#OpeningDay and my #BlueJays

It’s baseball Opening Day, a cause for celebration among hardcore fans.

            Despite the fact that MLB officially started the season last week with a couple of games in Australia – natch, makes perfect sense – this truly is Opening Day: the launch of another 162-game grind that stretches through spring, summer and fall, providing endless storylines for seven months.

            There’s a lot of romance associated with baseball generally and Opening Day in particular. Most of it is garbage. Yes, the field theoretically extends infinitely along its foul lines, making all the world a baseball diamond. But come on George Will, how relevant is that? And yes, an Iowa corn field cum baseball diamond is a beautiful thing to behold, at least viewed through a Hollywood lens.

            The truth is people who get excited about Opening Day rarely are thinking of W.P. Kinsella and his poetic, fanciful spin on the game. Rather, they are dipping into a sparkling well of memories. That those memories coincide with the arrival of spring only heightens the enjoyment of reminiscing about games and seasons gone by.

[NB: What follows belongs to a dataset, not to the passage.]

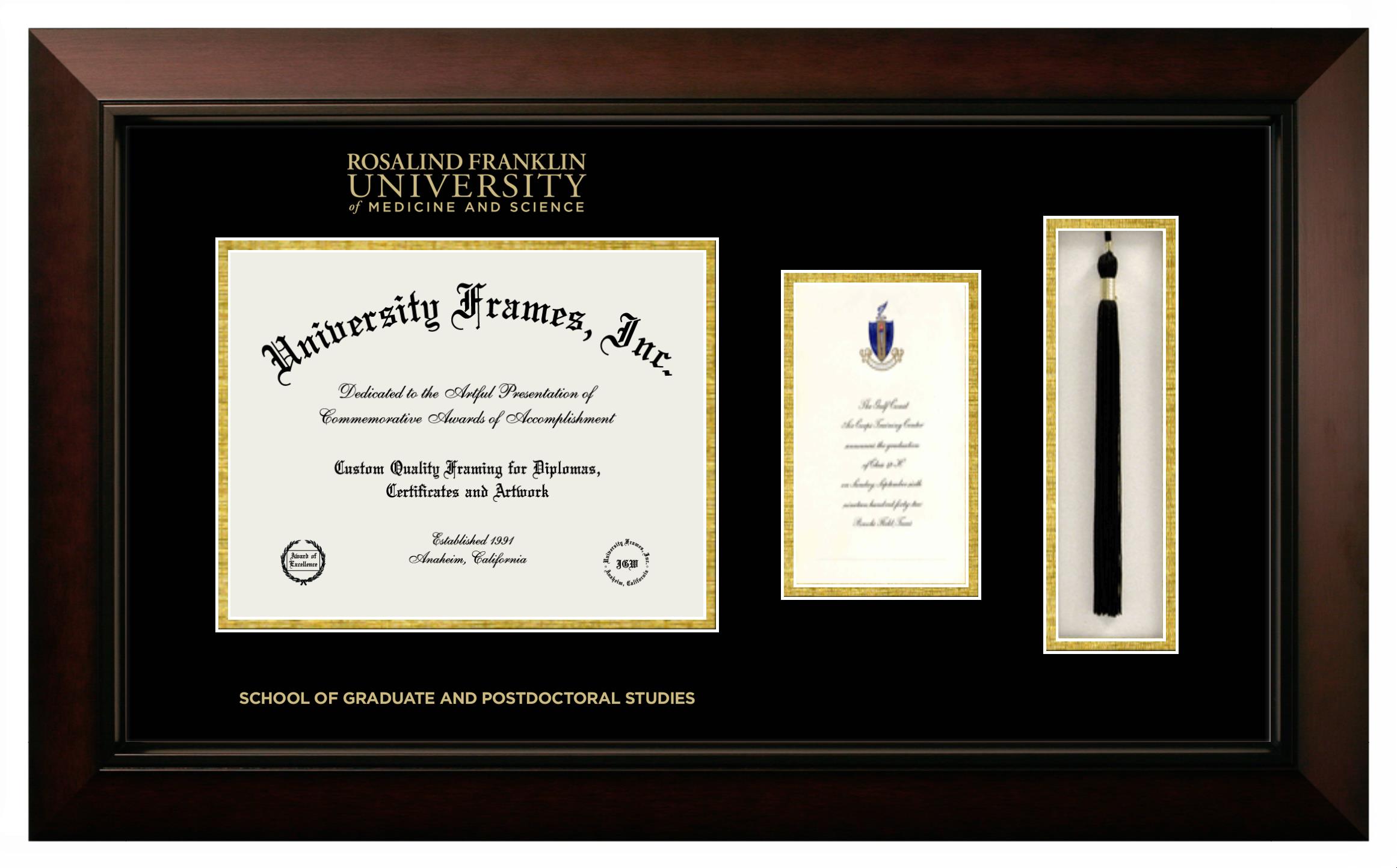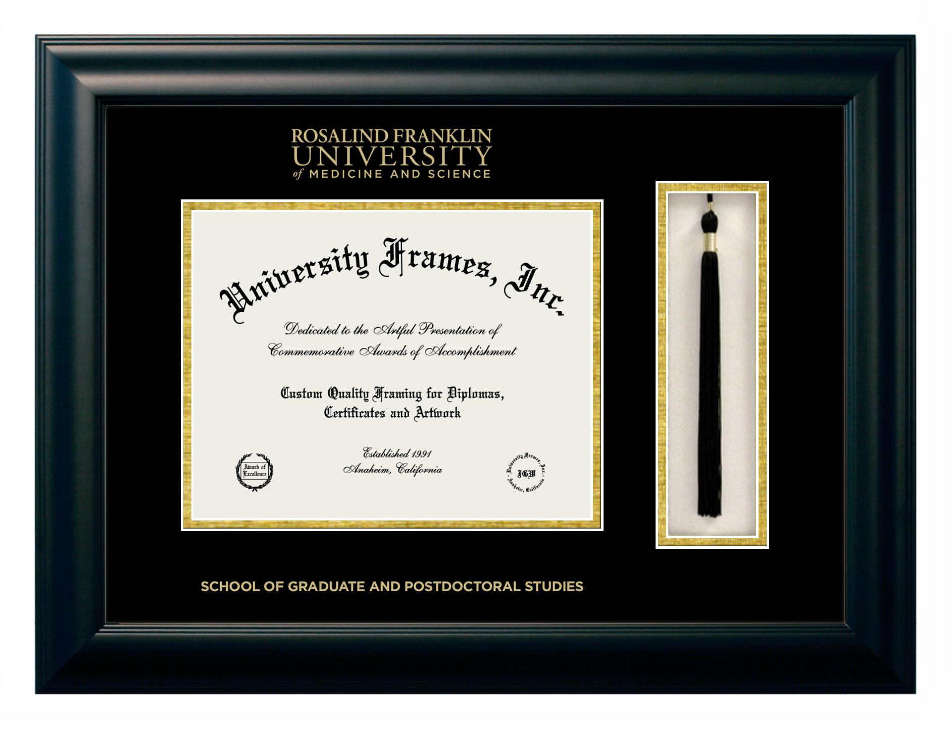 If you are looking for a professional diploma frame to showcase your achievement or are in search of a unique graduation gift for a recent grad or alum, you have come to the right place! We provide Rosalind Franklin University of Medicine and Science School of Graduate and Postdoctoral Studies diploma frames that are handcrafted in the USA and sized to fit the official Rosalind Franklin University of Medicine and Science School of Graduate and Postdoctoral Studies diploma. You can customize the graduation frames according to your taste with our online design tool. Go ahead and start customizing your diploma frame now!

            For me, it’s all about listening to Toronto Blue Jays games, late at night, from a radio tucked under my pillow long after my parents had sent me to bed. A friend took me to see a Jays game in 1977, the team’s inaugural year. I recall vividly the wonder I felt walking out of the tunnel at Exhibition Stadium to see the field bathed in light, ringed by 40,000 fans.

            I didn’t know what a dump Exhibition Stadium was; didn’t realize the Jays were awful, as most expansion teams are; didn’t know many of the rules, actually. But none of that mattered. Beginning that night, I was a Blue Jays fan. I listened to their games nearly every day. I watched on TV too, although TV games were the exception, not the rule back then. And every spring I got the official Shoppers Drug Mart Blue Jays calendar – not a tiny fold-up schedule of games that would fit into your pocket, oh no. This was a poster-sized layout of the entire season, with little boxes where I could record all the scores, which I did with manic dedication and a rather basic color scheme.

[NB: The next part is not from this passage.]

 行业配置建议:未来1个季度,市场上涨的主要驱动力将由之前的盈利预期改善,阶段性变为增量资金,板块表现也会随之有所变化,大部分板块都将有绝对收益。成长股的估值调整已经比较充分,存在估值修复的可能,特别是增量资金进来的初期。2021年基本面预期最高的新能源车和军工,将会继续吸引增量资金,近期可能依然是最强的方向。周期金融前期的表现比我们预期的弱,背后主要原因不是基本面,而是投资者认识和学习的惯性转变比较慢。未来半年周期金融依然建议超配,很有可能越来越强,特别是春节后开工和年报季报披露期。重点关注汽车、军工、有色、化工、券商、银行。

            Using a pen that included multiple ink colors selected with a switch at the top, I recorded winning scores in blue and losing scores in red. I would also make short notations if a player had done something exceptional that day. When Otto Velez hit four home runs in a doubleheader, I made a note of that, possibly the only time Otto the Swatto’s name appeared on my calendar.

            In the mid-80s, the Jays started to play well and were in contention for the playoffs almost every year. For a team starting from nothing in 1977, that was a remarkable achievement. That achievement was lost on me at the time but has been brought home with painful clarity over the last two decades as the Jays have failed to make, or even contend for, the playoffs – playoffs, I might add, that have expanded several times to include more and more teams.

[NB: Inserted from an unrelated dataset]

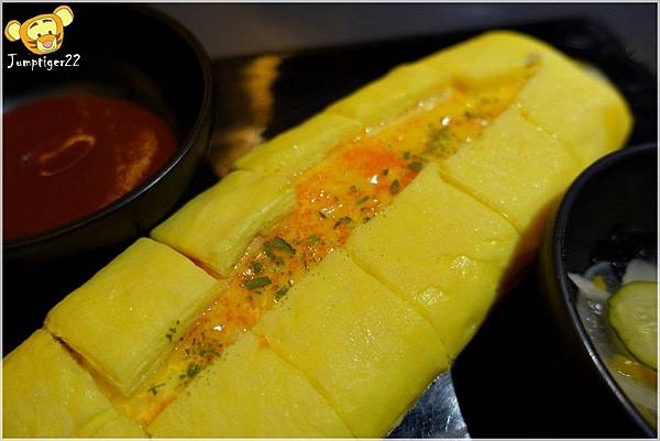 單吃就會吃到滿滿蛋香與起司味兒,如果要沾醬,就是沾番茄醬囉~

            In 90 minutes, the Jays will kick off their 38th season with a game in Tampa, the only modern ballpark that makes long-forgotten Exhibition Stadium look like an Iowa corn field. I hope they win, but I expect them to lose. I share that pessimism with fans of teams that have been around for a lot more than 38 seasons. The Cubs, famously, haven’t won the World Series since 1908. That’s a lot of suffering, but the truth is once a couple of generations of fans have watched their team lose, they share most of the feelings of fans whose teams have been losing for much longer than that.

            It’s often said that on Opening Day, every team has an equal chance to win a pennant, to get into the playoffs and maybe get into the World Series. That, too, is garbage. The Houston Astros are 250/1 long shots to win the World Series this year. It simply won’t happen. So no, not every team has a chance to win this year, but the thing about baseball is that fans will watch anyway. They cheer for their team for seven months, even if they are out of contention for more than half the season – even if the goal quickly becomes trying to avoid losing 100 games.

            That’s not true of other sports, at least not to the same degree. If there’s romance in baseball, that’s where it resides: in the dedication of fans to follow their team no matter how bad it is, no matter how slim are its chances to win.

            Before they take the field for game #1, the Jays are 25/1 to win the World Series. That’s in the top half of the list of teams. I don’t think it will happen, but I can’t help myself. I’m hopeful. And that – my illogical but rock solid hope -- is why baseball is so great.